— Dataset section —
----------

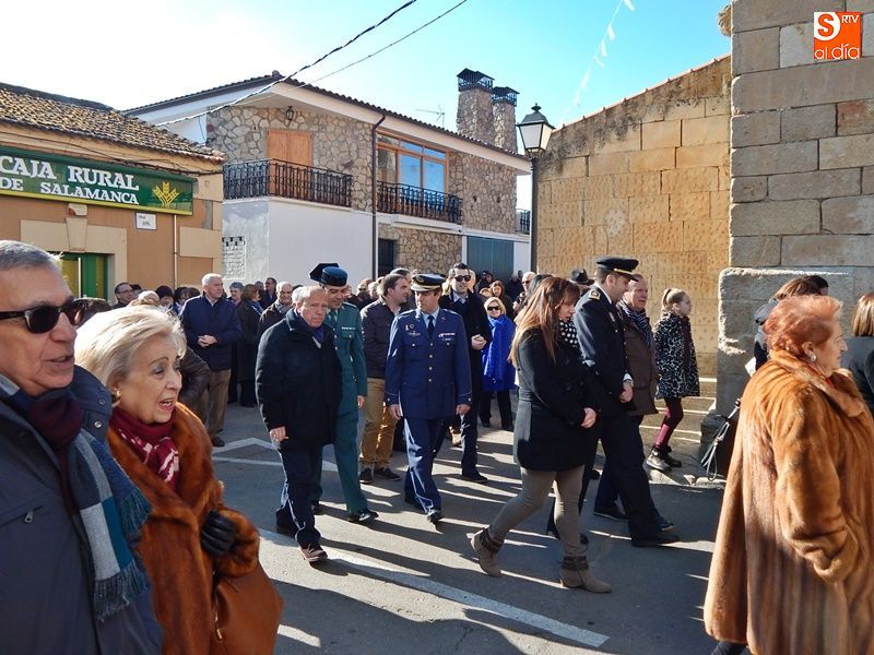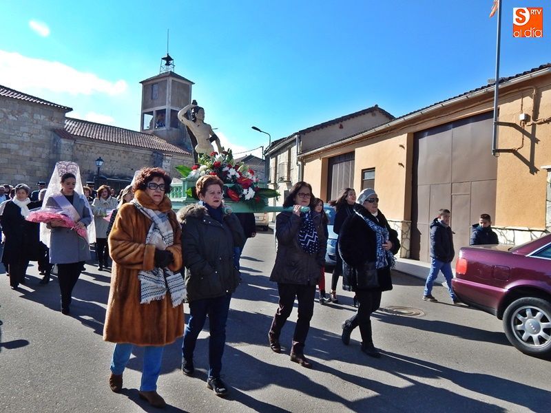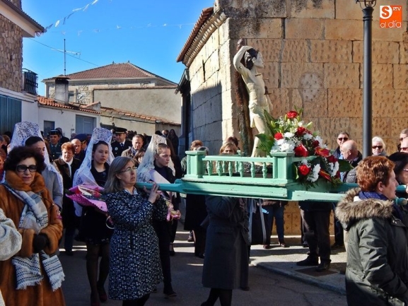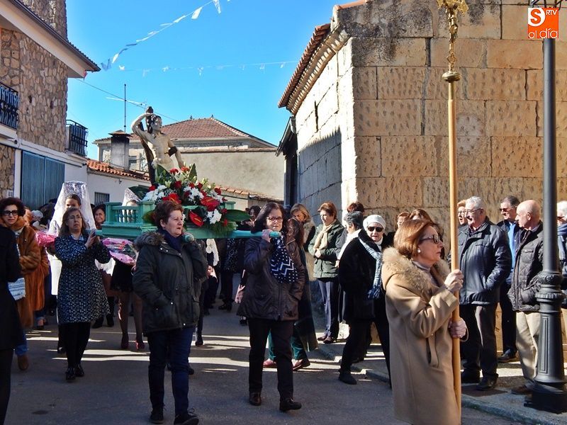 Jornada festiva en Valdelosa para honrar al patrón San Sebastián que, escoltado por los vecinos y las mayordomas de este año, y portada por mujeres durante la mayor parte de la procesión, ha recorrido las calles del municipio tras la celebración de la Santa Misa, cantada por el grupo folclórico Zaragata. Una jornada en la que no han
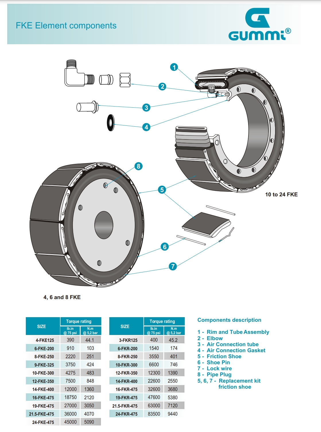 The GUMMI FKE pneumatic elements are designed for low-speed applications, providing smooth starting and stopping loads. These elements function as slip clutches and tensioning brakes, similar in design to the FK elements. Their unique expanding friction design enables them to operate as centrifugal clutches. Made with a reinforced neoprene rubber tube vulcanized to the outer part of a steel rim, the FKE elements deliver efficient torque transmission. When pressurized, the friction shoes expand, engaging the inside diameter of the drum for smooth operation.
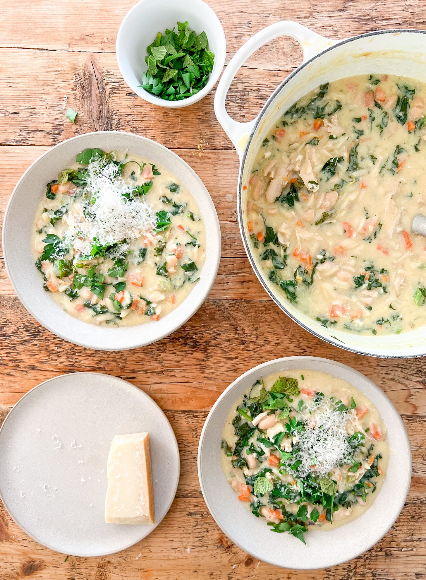 Avgolemono is one of my favorite soups — it’s a simple chicken and rice soup that is thickened with eggs. For this soup, I stole the egg-thickening technique from avgolemono then added lots of veggies and greens and some Parm and fresh herbs for that *je ne sais quoi* flavor explosion. Basically, this is avgolemono with more substance to it. It’s a delight.

----------

— Exercise —
What you give back must be exactly the lines of the listing above from the line containing "The GUMMI FKE" through its last line, inclusive, without pictures, please.

— Response to the task —
 The GUMMI FKE pneumatic elements are designed for low-speed applications, providing smooth starting and stopping loads. These elements function as slip clutches and tensioning brakes, similar in design to the FK elements. Their unique expanding friction design enables them to operate as centrifugal clutches. Made with a reinforced neoprene rubber tube vulcanized to the outer part of a steel rim, the FKE elements deliver efficient torque transmission. When pressurized, the friction shoes expand, engaging the inside diameter of the drum for smooth operation.
 Avgolemono is one of my favorite soups — it’s a simple chicken and rice soup that is thickened with eggs. For this soup, I stole the egg-thickening technique from avgolemono then added lots of veggies and greens and some Parm and fresh herbs for that *je ne sais quoi* flavor explosion. Basically, this is avgolemono with more substance to it. It’s a delight.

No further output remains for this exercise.